Павка — человек дела. Он вытащил из кармана штанов заявление нашего класса, приписал фамилию Вильки. Рядом с нашими подписями он делал аккуратные пометки: «Комсомолец с 1939 г... с 1940 г.». Потом он взглянул на Вильку, и тот сказал:
— Пиши: беспартийный большевик.
Потом Павка свернул заявление в трубочку и сказал на прощание довольно гнусные слова:
— Честно если,— на вас не очень надеялся. Но вы — молодцы. Спасибо, ребята.
— Дурак,— обиделся Глеб и плюнул в окно.
— Дурак,— согласился Павка.— Рад, что дурак. Он был очень честный, Павка Корчнов.
Еще раз сказав «спасибо», Павка бросил уже в дверях:
— А в городе что делается! Сплошные митинги и очереди за макаронами. Вот кретины! Макароны...
И убежал.
Мама нас накормила чем-то: А затем пришел участковый уполномоченный, и мы отправились рыть щель. Пришел с работы папа, взялся за лопату. Покопал немного, сказал вроде бы невзначай:
— Все-таки это безобразие. Не берут. Понимаете, не берут. У меня такое впечатление, что специалисты — не люди... Хамство!
Глеб тут и брякнул:
— Всех не берут. Нас тоже не берут. Это же фельетон, Антон Васильевич, форменный фельетон!..
Папа улыбнулся, и я понял: он хоть и не возмущается, но. рад тому, что нас не берут.

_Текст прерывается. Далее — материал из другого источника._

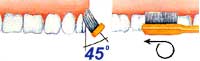 ![]() к зубам под углом в 45 градусов. Справа: чистить небольшими круговыми движениями перемещаясь в сторону коренных зубов. |

Мы вырыли в саду щель, покрыли ее сверху ветвями, засыпали землей. Папа сказал «лады» и велел нам идти в дом. Он принес бутылку шампанского. Мы выпили. После чего он сказал:
— Ничего страшного.
И стал рассказывать об империалистической войне и о гражданской. Все это я много раз слышал, но Вилька с Глебом — впервые. Папа очень хорошо рассказывает. Как он наступал в Галиции и как драпал оттуда, как шли бои за Перемышль. Даже самое страшное папа рисовал весело. Получалось так, словно война — самая веселая штука на свете. Папа швырнул хама штабс-капитана в котел с чаем. Военно-полевой суд вот-вот приговорит вольноопределяющегося А. В. Стрельцова к расстрелу. Но вот появляется поручик князь Клембовский — и все улаживается. Полковой козел с позолоченными рогами, Гришка Распутин, на смотре боднул в зад генерала Бодяго. Беляки подорвали железнодорожное полотно, и бронепоезд, на котором папа был комиссаром, оказался в лапах врагов. Они стучат прикладами по башне, орут «Сдавайтесь!», «Конец!», как вдруг со свистом, и гиканьем выскакивает каша конница...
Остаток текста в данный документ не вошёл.